In closing, we had an excellent fourth quarter and an excellent 2019. Our full year financial results highlight the strength of our business model. I look forward to what we have installed for 2020 as we expect to further expand and ramp our leadership portfolio of high-performance products to drive revenue growth, gross margin expansion, market share gains and financial momentum.
With that, I will turn it back to Laura for the question-and-answer session. Laura?
Thank you very much, Devinder. Operator, we are ready to begin polling for questions.
Certainly. [Operator Instructions] Our first question today is coming from Vivek Arya from Bank of America Securities. Your line is now live.
Thanks for taking my question and congratulations on the strong growth and execution. Lisa, for my first one, you mentioned the goal to get to kind of this double-digit market share in servers by the middle of the year. I am just wondering how the visibility is around in achieving this target, what’s driving it, is it just more instances at existing cloud customers? And as part of that, do you also have a share target for exiting this year?
Yes, Vivek, thank you for the questions. So look we are very pleased with how Rome is ramping. We have been in market now 4 to 5 months and the visibility that we have is with the cloud guys, we have visibility to the public facing instances as well as what they are doing in terms of internal workloads. And what we see is just the breadth of the overall workloads that they are using Rome with is expanding. And then on the enterprise side with the full portfolio of our partners, HPE, Dell, Lenovo and the ODM partners, we see just a significant increase in the overall enterprise pipeline that we have for Rome. So, we are very focused on continuing to grow share in the data center market and we feel good about our midyear market share targets. In terms of our market share targets, Vivek, I think we will talk a little bit more at our Financial Analyst Day about some of the longer term targets, but certainly for 2020, we are very focused on growing our overall data center share.

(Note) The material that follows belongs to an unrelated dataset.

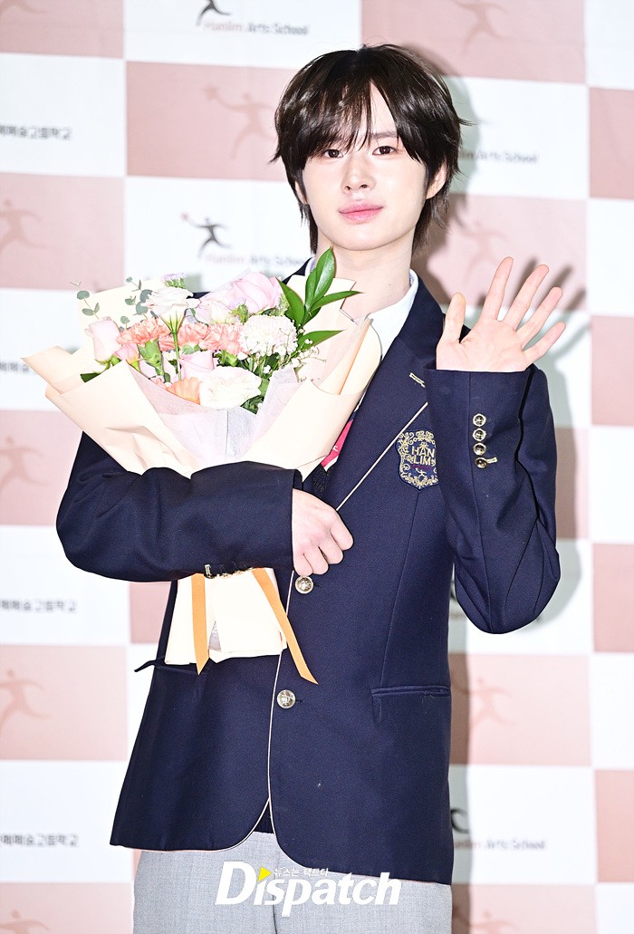 [Dispatch=이호준기자] '투어스' 경민이 8일 오전 서울 송파구 장지동 한림연예예술고등학교에서 열린 졸업식에 참석했다
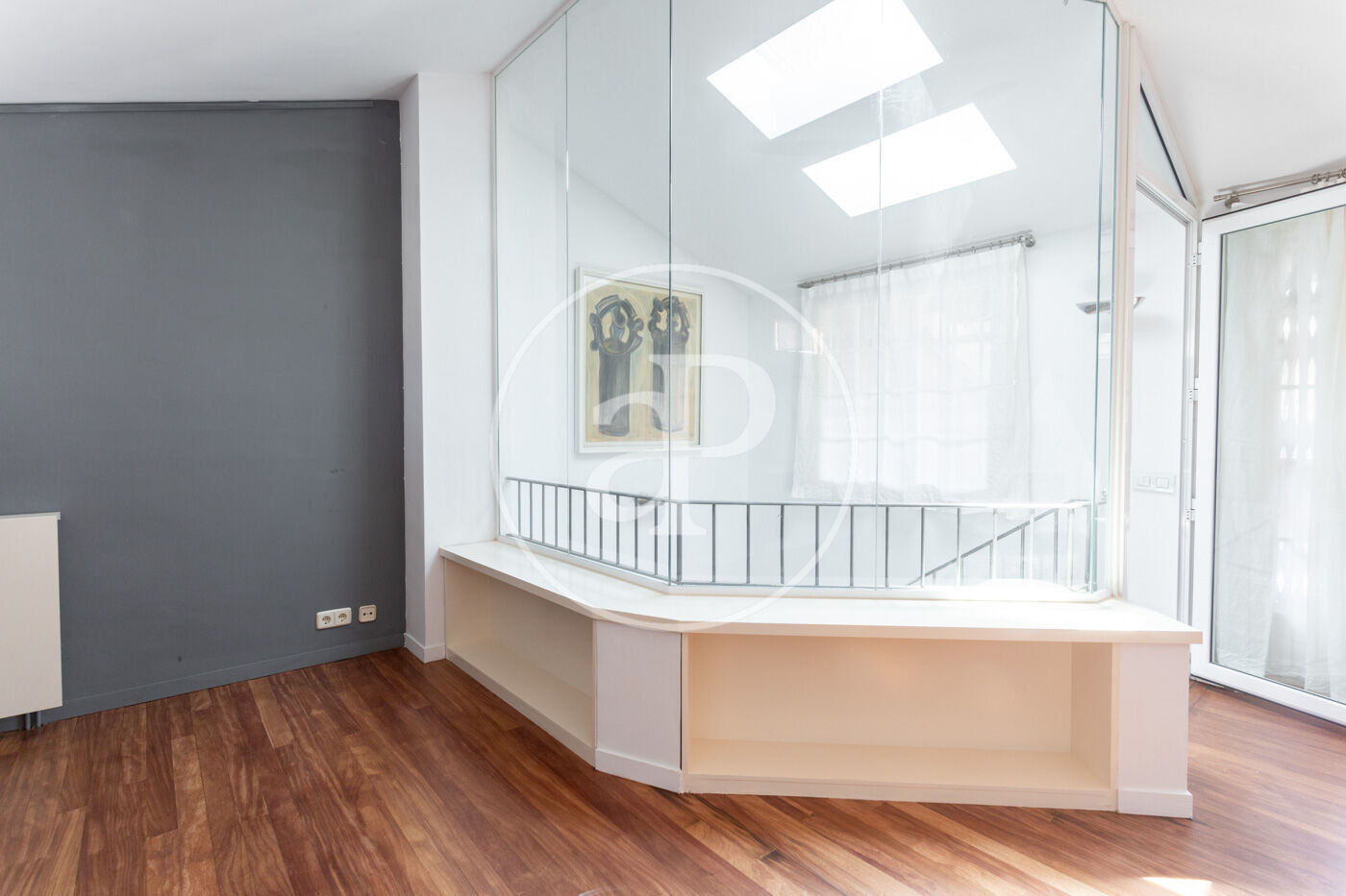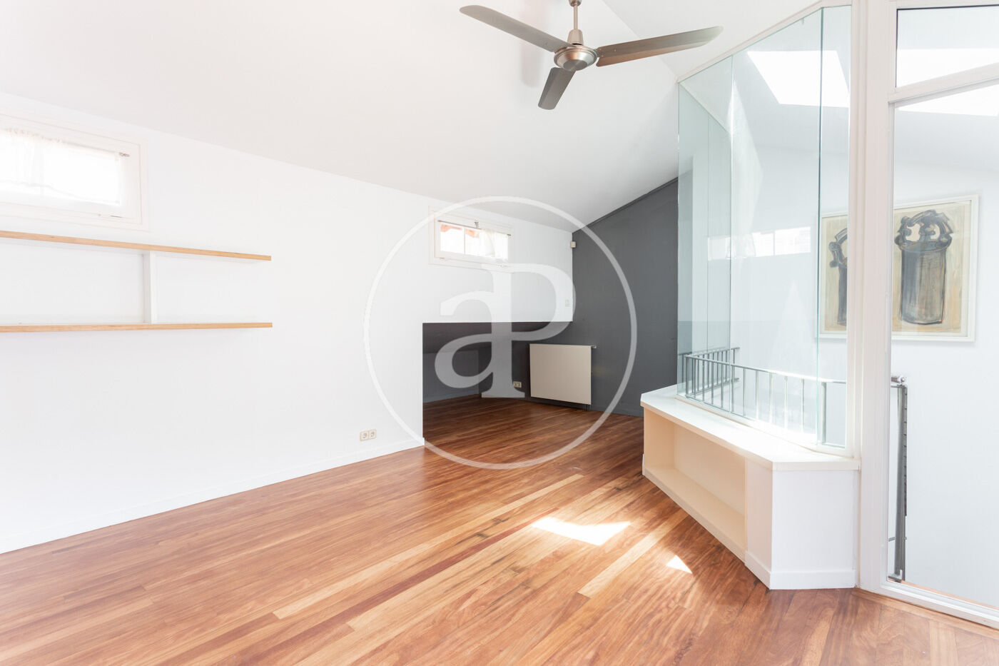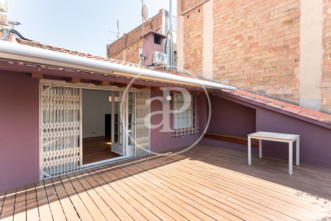 Un estudi banyat de llum natural, ideal per practicar ioga, treballar, crear o simplement somiar, amb sortida a una terrassa amb una gran taula per compartir moments amb família i amics sota el cel de Barcelona.

Thanks. And for my follow-up, Lisa, how should we interpret the impact of capacity shortages at your main competitor? Have you seen any benefit from that? If not, why not? And then kind of part B is Intel did say that they plan to expand capacity later this year and will focus it more on the PC client side and try to reclaim market share, what effects will that have on the pricing in the market and does your full year outlook kind of bake any potential impact of that competition? Thank you.
Yes. So, when we look at the PC market, we finished 2019 very strong in the overall PC market both in mobile and desktop. I think that’s primarily on the strength of the product portfolio and the expanding customer platforms that we have. There are some discussions abut, let’s call it pockets of shortages, but as I said before, I don’t believe – we have been on this steady increase in market share now for the last eight quarters and we believe we gained share in Q4 as well. So I think what we see is just the portfolio getting a lot stronger. As we go into 2020, I think we are again enthusiastic about our products in addition to the Zen 2 based desktop products. We have added Zen 2 now in the notebook portfolio and we will have that for the full year of 2020. So I think our outlook expects growth in all businesses, including the PC business and we remain very focused on expanding our market presence in both consumer as well as commercial PCs.
Thank you, Lisa.
Thanks.
Thank you. Our next question is coming from Toshiya Hari from Goldman Sachs. Your line is now live.

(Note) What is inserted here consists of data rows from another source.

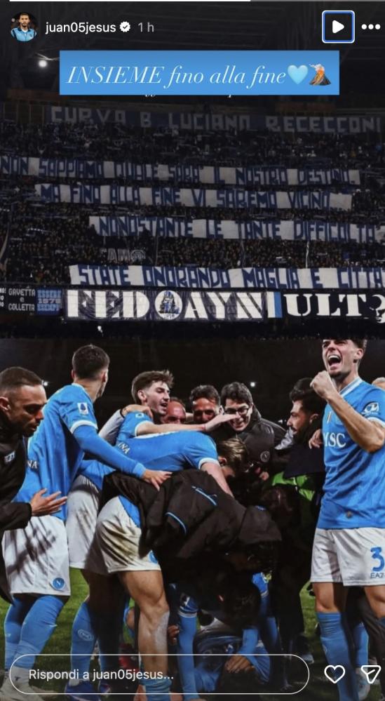 "Insieme fino alla fine!", l'emoji del cuore azzurro e del vulcano, e due fotografie: sotto la grande esultanza di squadra al gol di Alisson Santos, sopra lo striscione di ringraziamento della Curva B. In questo modo Juan Jesus, tramite una story sul suo profilo Instagram suona la carica per il momento ancora difficile del Napoli. Il difensore brasiliano è sempre più leader dello spogliatoio azzurro. Di seguito la foto.
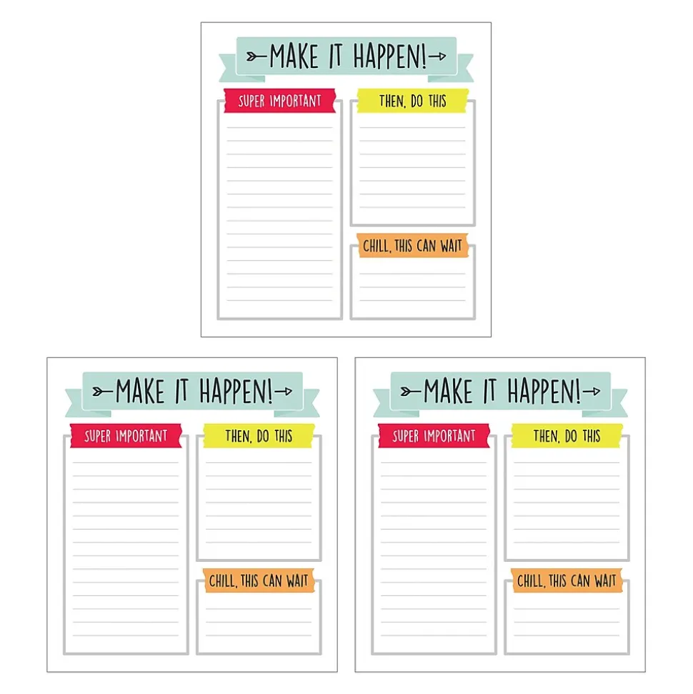 - What’s Included: The stationery set features 3 notepads with 50 sheets of acid-free, lignin-free lined paper per pad with 3 sections to help prioritize tasks under a motivational “Make It Happen” banner across the top.
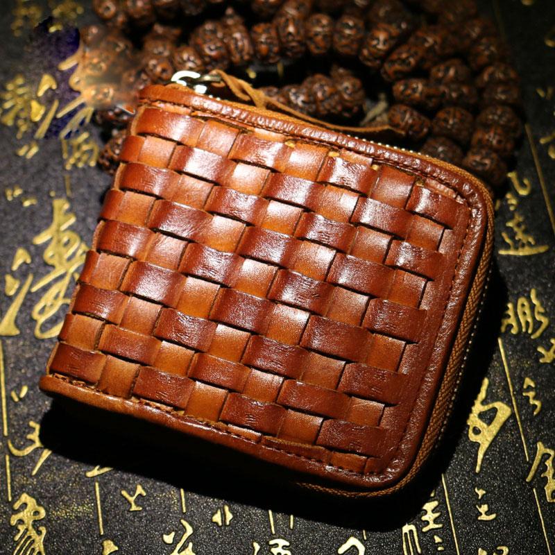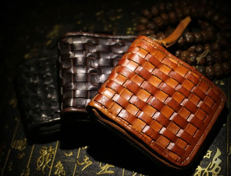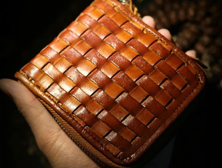 Design: Handmade Leather Braided Mens billfold Wallet Cool Leather Wallet Slim Wallet for Men
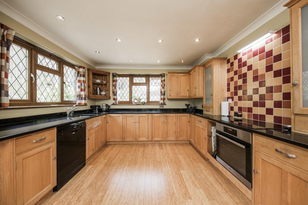 LARGE OPEN PLAN KITCHEN/BREAKFAST ROOM: A contemporary styled kitchen fitted with a range of wooden wall and base units and a complementary polished granite work surface. Inset single bowl sink with mixer tap over. Inset four ring electric hob and integrated 'AEG' electric oven, dishwasher. Space for freestanding fridge/freezer. Good general storage space. Good areas of engineered bamboo flooring, two radiators, cornicing, inset spotlights to the ceiling. Excellent space for a large table and chairs. Triple aspect with leaded style double glazed windows to the front, rear and side affording excellent light levels and views to woods and fields. Partially glazed double glazed door with a leaded finish to the side.

Hi, congrats on the strong results and thanks for taking the question. Lisa, this may overlap a little bit with Vivek’s question, but I was hoping to better understand some of the key assumptions behind your full year guidance for both your PC business as well as the serve business. Can you talk to some of the TAM assumptions that you are making and the market share assumptions for the full year? And I have got a quick follow-up? Thank you.

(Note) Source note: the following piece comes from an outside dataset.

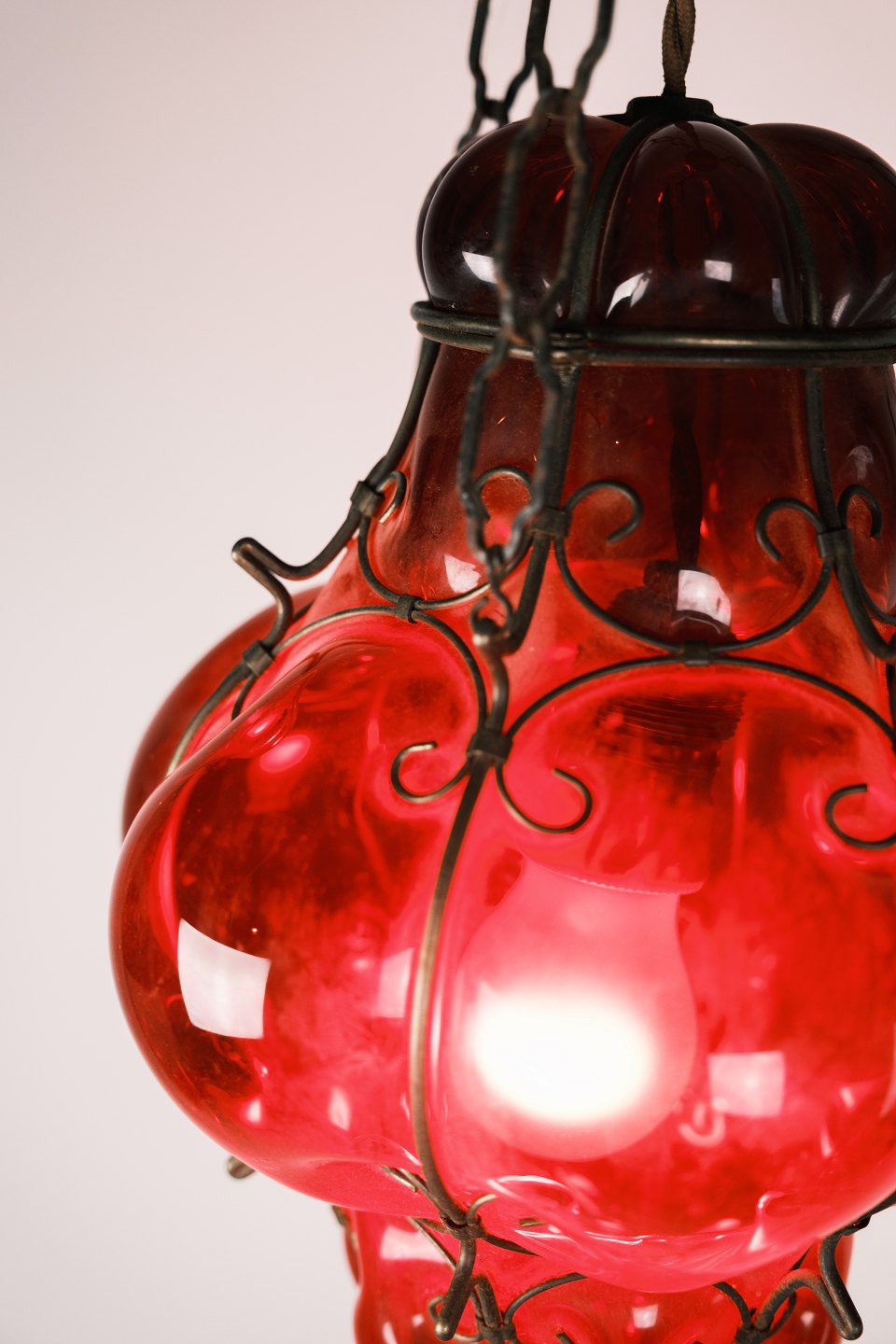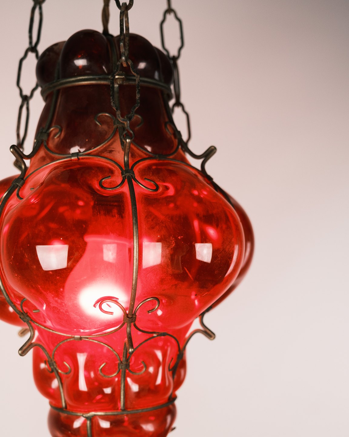 Lamp/Grid Pendant - Ruby Red Glass - Venetian Style - 1950s

Sure. So let me talk first about the market and then talk a little bit about how we are seeing the full year. So, if you look at the PC market, I think the discussion so far has been let’s call 2020 flat to maybe down slightly. There has been some concern raised about the second half of ‘20 perhaps be weaker than normal seasonality just due to some of the enterprise refresh cycles that are strong in the first half. We are viewing it as flattish, maybe down very slightly. That being the case back to the comment I made with Vivek, I think we feel very good our product portfolio. And especially when we look at sort of our notebook share and our relative opportunity to gain market share, the strength of our Ryzen 4000 series products is significantly stronger than previous generations and the platforms are also significantly broader. So, we feel good about that. In the data center market, again I would say that the growth of computing continues. From our standpoint, we see it as a good market environment for data center in both cloud as well as enterprise. When we look at our full year revenue guide of approximately 28% to 30% for the year, the highest growth from a percentage standpoint will obviously be server just given the expectations in that market, but we expect all of our businesses to grow nicely in 2020 and that’s just again based on where we are in the product cycle and the visibility that we have with customer design wins as well as just overall competitiveness.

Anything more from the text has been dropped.